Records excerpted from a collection
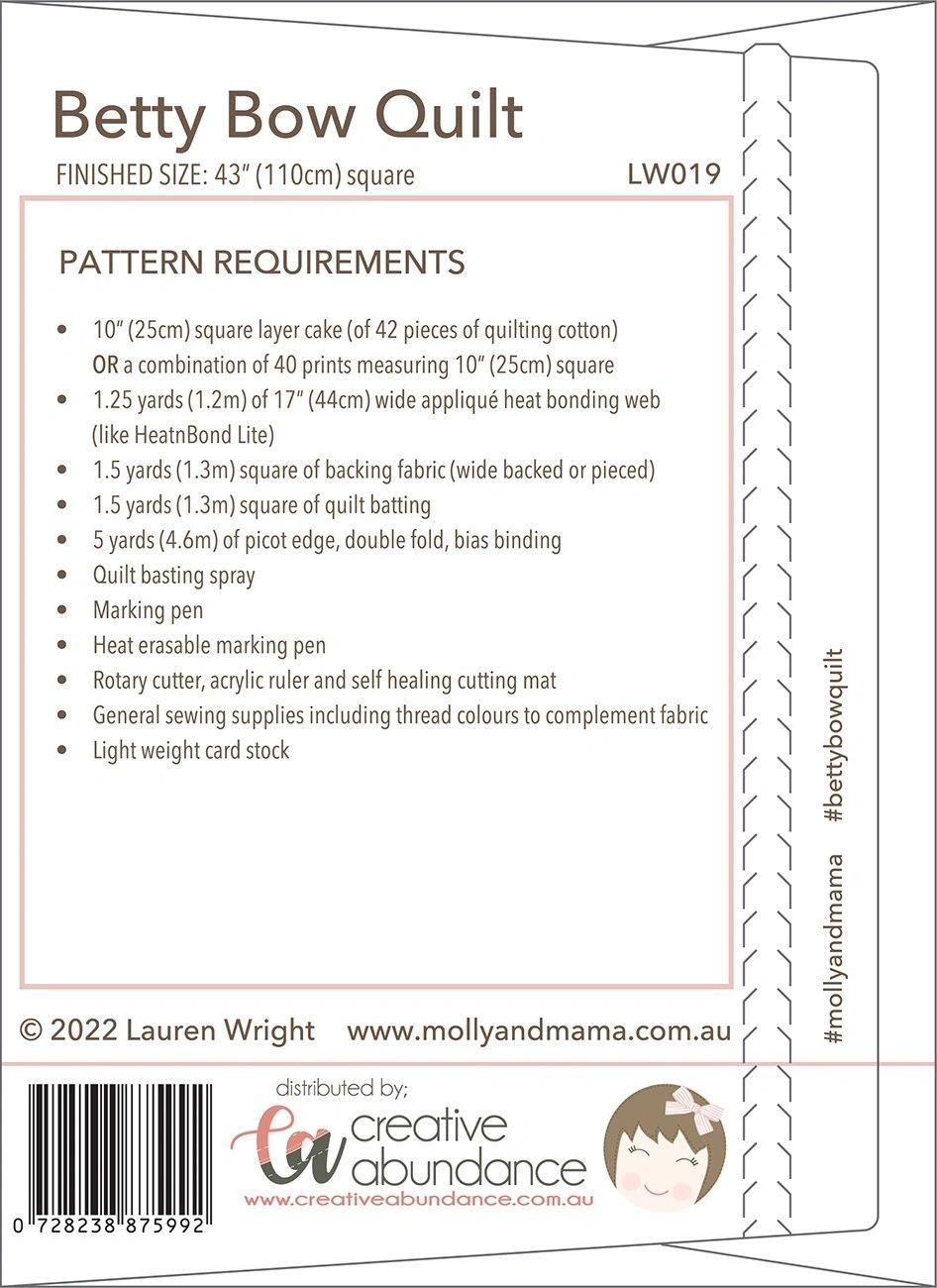 From Creative Abundance By Wright, Lauren In Quilts There's nothing sweeter than bows! The Betty Bow Quilt is a simple-to-sew, easy patchwork quilt, featuring raw-edge appliqué bows and curved quilt corners. Another skill building project, this quilt is the perfect introduction to simple quilting, raw-edge appliqué, and bias binding. It makes a lovely baby gift or play mat. Printed Paper Pattern Finished Size: 43in x 43in Final Product: Quilt Paper Templates Included Technique Used: Applique Skill Level: Beginner
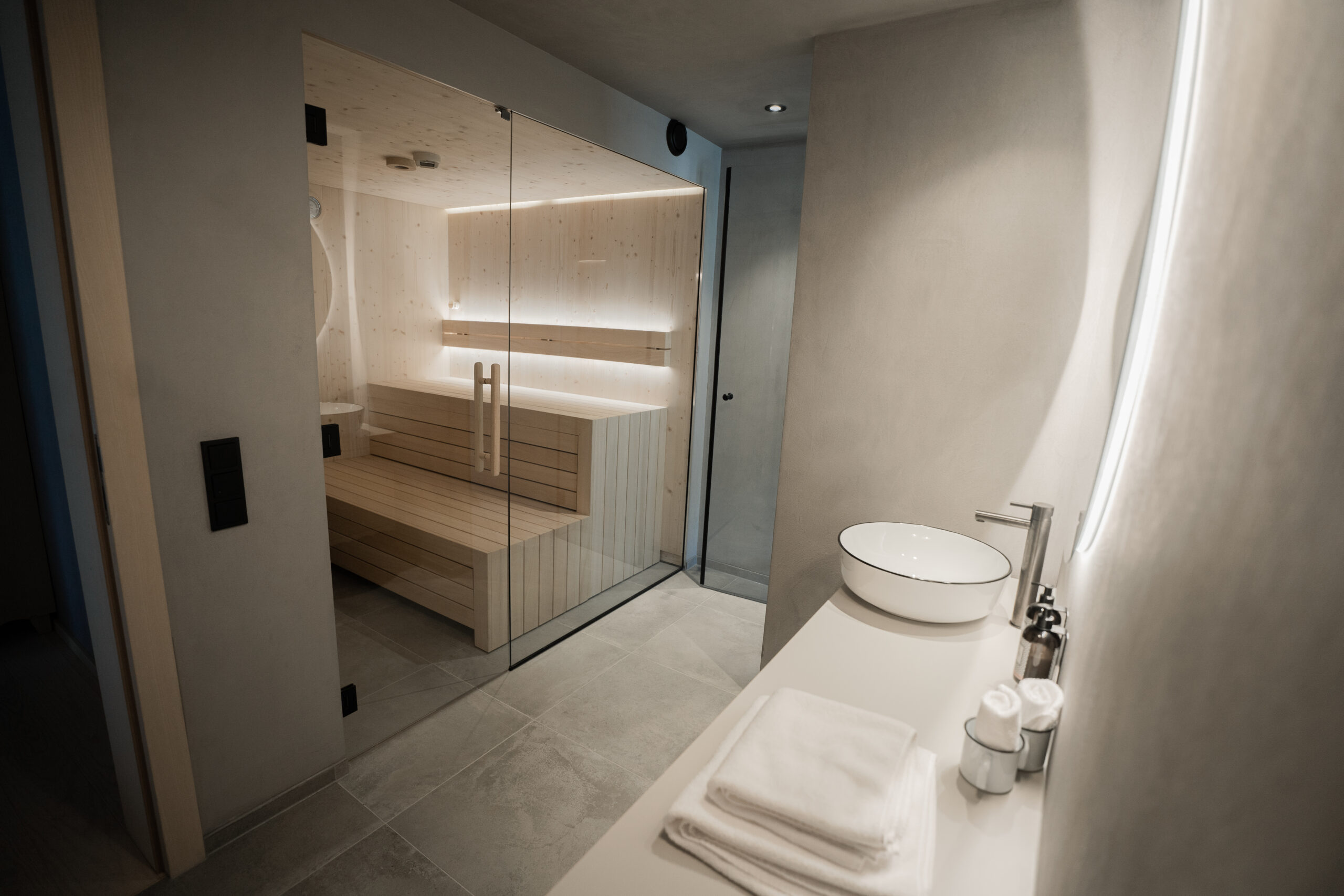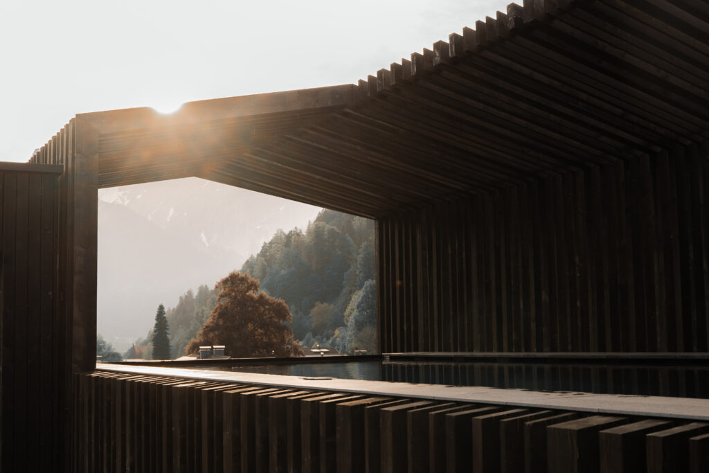 Kupferelemente schimmern im Wasser, während man durch den Pool gleitet, und auch die Saunen in AMRAIs Stólla erinnern an die regionale Bergbautradition. Im Maisäß-Spa zieht es Ruhesuchende nicht nur auf den Dachgarten mit 360° Bergpanorama, sondern auch zum „Gipfelsee“ genannten Infinity Sky Pool, in dem den Gipfeln der Verwall- und Rätikongruppe entgegengeschwebt wird.
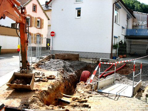 Verlegung der Ver- und Entsorgungsleitungen für die neue Brunnenanlage.
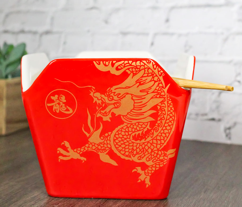 Oriental Longwei Dragon King Takeout To Go Box Serving Bowl With Chopsticks Set
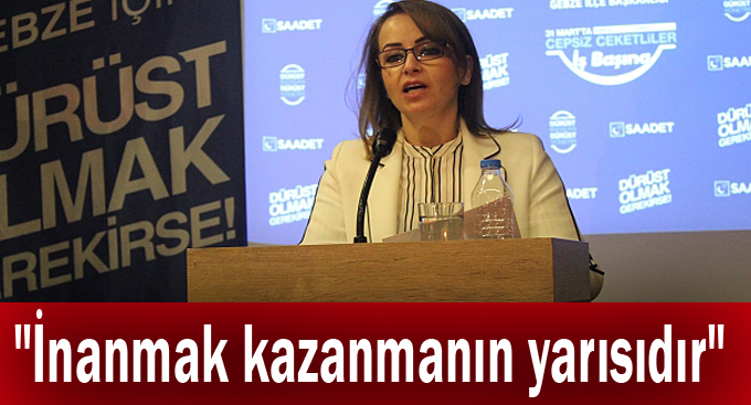 Saadet Partisi Gebze Belediye Başkan Adayı Burcu Çetinkaya yaptığı konuşmada, "Bugün burada bitti denilen bir başlangıcın bitmediğini ilan etmek için buluştuk. Bundan iki ay önce hayallerimiz var diyerek bir yola çıkmıştık. Ben hayallerimin peşinden gitmeye kararlıyım. Gebze için, halk için, Hakka hizmet için, yarım kalan hayallerim için bu yarışta bana imkân veren Saadet Partisi ile birlikte yola kaldığım yerden devam etmek istiyorum. Kendilerine bu imkân için teşekkür ediyorum. Artık Gebze için dürüst belediyecilik dönemi başlıyor. Bu dönemin öncüleri Milli Görüş hareketinin dürüst kadroları mimarları ise bütün Gebze olacaktır. Ortaya koyacağımız projelerle Gebze’mize hak etmiş olduğu değeri kazandırıp yaşanabilir bir ilçe haline getirmek amacındayız ”dedi.

• YOUR ASSIGNMENT:
The response is to contain exactly the lines from the beginning of the data through the line containing "Oriental Longwei Dragon", both ends included, and nothing else; omit the pictures.

• SOLUTION TO THIS PROBLEM:
 From Creative Abundance By Wright, Lauren In Quilts There's nothing sweeter than bows! The Betty Bow Quilt is a simple-to-sew, easy patchwork quilt, featuring raw-edge appliqué bows and curved quilt corners. Another skill building project, this quilt is the perfect introduction to simple quilting, raw-edge appliqué, and bias binding. It makes a lovely baby gift or play mat. Printed Paper Pattern Finished Size: 43in x 43in Final Product: Quilt Paper Templates Included Technique Used: Applique Skill Level: Beginner
 Kupferelemente schimmern im Wasser, während man durch den Pool gleitet, und auch die Saunen in AMRAIs Stólla erinnern an die regionale Bergbautradition. Im Maisäß-Spa zieht es Ruhesuchende nicht nur auf den Dachgarten mit 360° Bergpanorama, sondern auch zum „Gipfelsee“ genannten Infinity Sky Pool, in dem den Gipfeln der Verwall- und Rätikongruppe entgegengeschwebt wird.
 Verlegung der Ver- und Entsorgungsleitungen für die neue Brunnenanlage.
 Oriental Longwei Dragon King Takeout To Go Box Serving Bowl With Chopsticks Set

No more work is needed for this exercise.